Given data
———

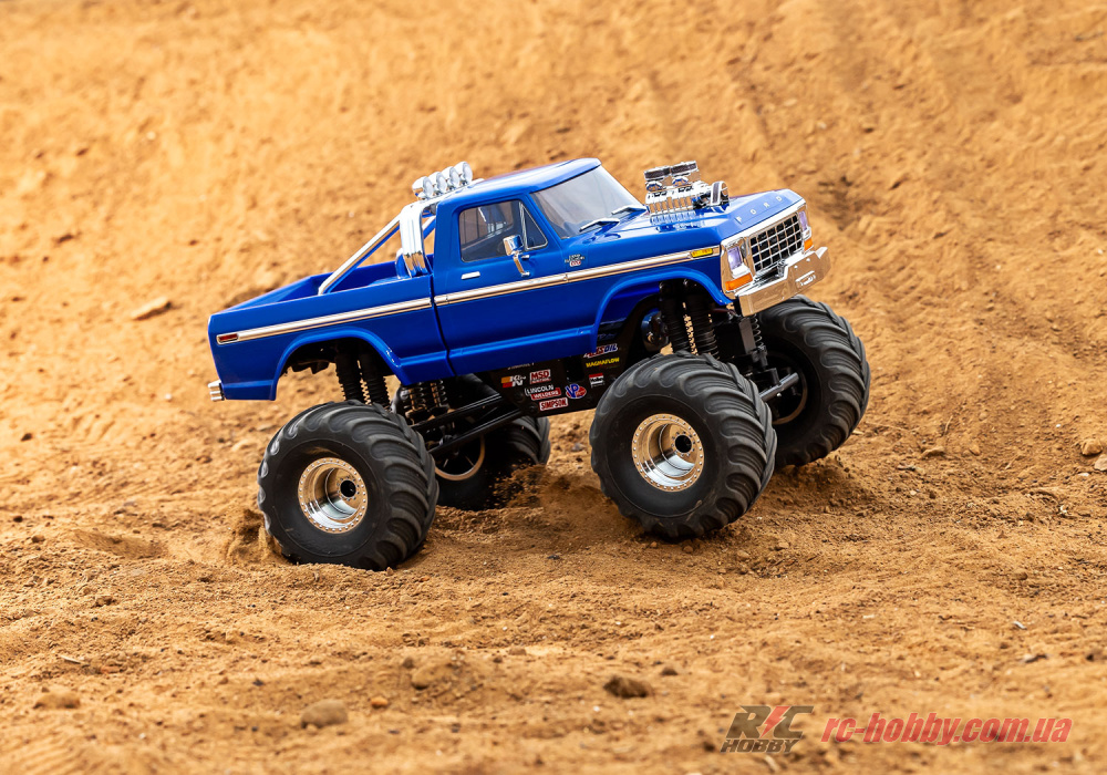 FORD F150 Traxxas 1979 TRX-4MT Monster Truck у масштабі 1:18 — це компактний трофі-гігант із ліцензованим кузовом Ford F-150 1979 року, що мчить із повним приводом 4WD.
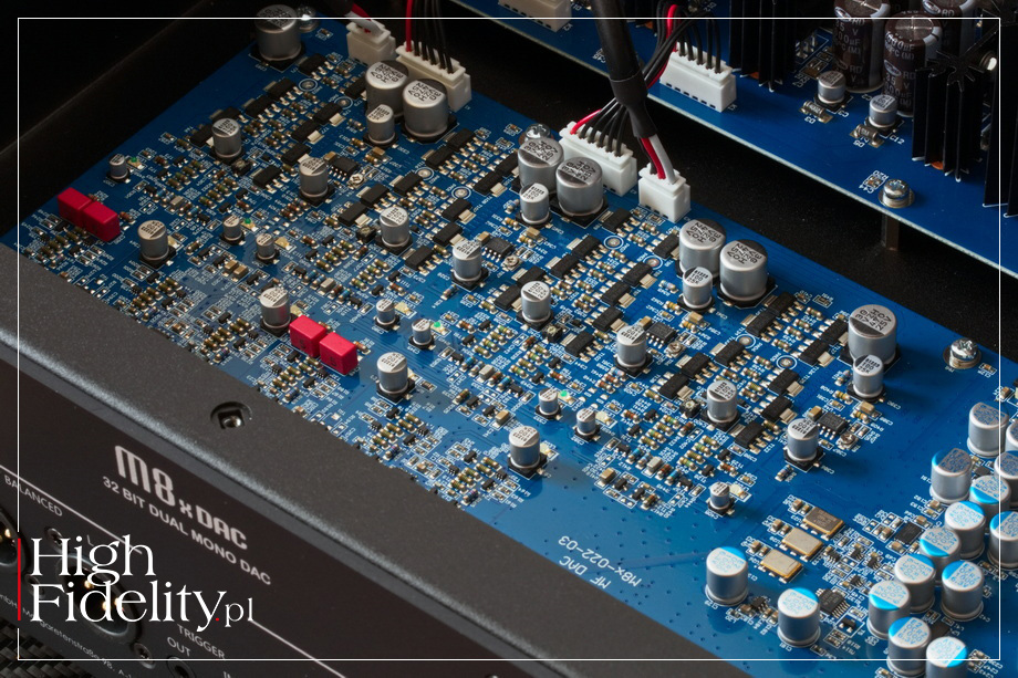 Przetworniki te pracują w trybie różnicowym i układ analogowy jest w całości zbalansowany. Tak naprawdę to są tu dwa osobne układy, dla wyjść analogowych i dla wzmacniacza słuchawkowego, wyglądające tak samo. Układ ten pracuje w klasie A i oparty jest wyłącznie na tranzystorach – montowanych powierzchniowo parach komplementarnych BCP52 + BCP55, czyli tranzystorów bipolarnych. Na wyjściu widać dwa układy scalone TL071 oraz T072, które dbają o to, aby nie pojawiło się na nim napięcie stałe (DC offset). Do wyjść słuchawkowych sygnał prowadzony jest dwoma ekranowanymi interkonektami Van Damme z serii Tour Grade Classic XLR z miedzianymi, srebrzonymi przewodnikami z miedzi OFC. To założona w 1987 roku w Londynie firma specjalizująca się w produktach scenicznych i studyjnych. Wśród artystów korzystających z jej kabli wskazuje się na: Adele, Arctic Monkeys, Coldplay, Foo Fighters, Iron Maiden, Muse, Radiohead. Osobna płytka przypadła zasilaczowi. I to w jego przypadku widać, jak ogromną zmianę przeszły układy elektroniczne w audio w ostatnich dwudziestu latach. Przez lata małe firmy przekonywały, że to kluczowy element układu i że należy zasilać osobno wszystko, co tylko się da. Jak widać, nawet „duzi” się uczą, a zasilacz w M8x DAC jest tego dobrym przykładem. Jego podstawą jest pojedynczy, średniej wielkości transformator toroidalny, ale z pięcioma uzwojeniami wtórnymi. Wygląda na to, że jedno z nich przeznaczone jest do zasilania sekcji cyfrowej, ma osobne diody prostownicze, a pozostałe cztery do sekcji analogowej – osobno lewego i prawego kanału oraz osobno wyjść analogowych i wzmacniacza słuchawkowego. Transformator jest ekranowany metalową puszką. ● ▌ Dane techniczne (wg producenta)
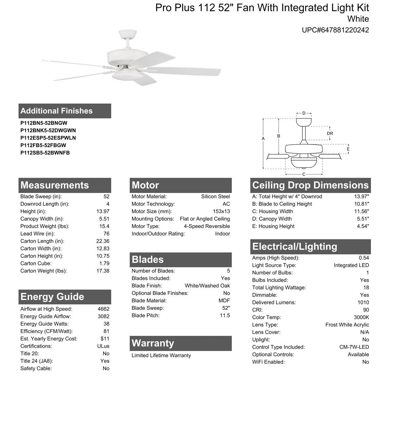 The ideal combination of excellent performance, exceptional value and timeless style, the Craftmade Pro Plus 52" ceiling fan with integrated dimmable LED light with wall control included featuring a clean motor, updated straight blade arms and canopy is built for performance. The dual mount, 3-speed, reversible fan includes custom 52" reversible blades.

———

Problem to work on
The data is to be returned exactly as it stands, pictures aside.

Task response
 FORD F150 Traxxas 1979 TRX-4MT Monster Truck у масштабі 1:18 — це компактний трофі-гігант із ліцензованим кузовом Ford F-150 1979 року, що мчить із повним приводом 4WD.
 Przetworniki te pracują w trybie różnicowym i układ analogowy jest w całości zbalansowany. Tak naprawdę to są tu dwa osobne układy, dla wyjść analogowych i dla wzmacniacza słuchawkowego, wyglądające tak samo. Układ ten pracuje w klasie A i oparty jest wyłącznie na tranzystorach – montowanych powierzchniowo parach komplementarnych BCP52 + BCP55, czyli tranzystorów bipolarnych. Na wyjściu widać dwa układy scalone TL071 oraz T072, które dbają o to, aby nie pojawiło się na nim napięcie stałe (DC offset). Do wyjść słuchawkowych sygnał prowadzony jest dwoma ekranowanymi interkonektami Van Damme z serii Tour Grade Classic XLR z miedzianymi, srebrzonymi przewodnikami z miedzi OFC. To założona w 1987 roku w Londynie firma specjalizująca się w produktach scenicznych i studyjnych. Wśród artystów korzystających z jej kabli wskazuje się na: Adele, Arctic Monkeys, Coldplay, Foo Fighters, Iron Maiden, Muse, Radiohead. Osobna płytka przypadła zasilaczowi. I to w jego przypadku widać, jak ogromną zmianę przeszły układy elektroniczne w audio w ostatnich dwudziestu latach. Przez lata małe firmy przekonywały, że to kluczowy element układu i że należy zasilać osobno wszystko, co tylko się da. Jak widać, nawet „duzi” się uczą, a zasilacz w M8x DAC jest tego dobrym przykładem. Jego podstawą jest pojedynczy, średniej wielkości transformator toroidalny, ale z pięcioma uzwojeniami wtórnymi. Wygląda na to, że jedno z nich przeznaczone jest do zasilania sekcji cyfrowej, ma osobne diody prostownicze, a pozostałe cztery do sekcji analogowej – osobno lewego i prawego kanału oraz osobno wyjść analogowych i wzmacniacza słuchawkowego. Transformator jest ekranowany metalową puszką. ● ▌ Dane techniczne (wg producenta)
 The ideal combination of excellent performance, exceptional value and timeless style, the Craftmade Pro Plus 52" ceiling fan with integrated dimmable LED light with wall control included featuring a clean motor, updated straight blade arms and canopy is built for performance. The dual mount, 3-speed, reversible fan includes custom 52" reversible blades.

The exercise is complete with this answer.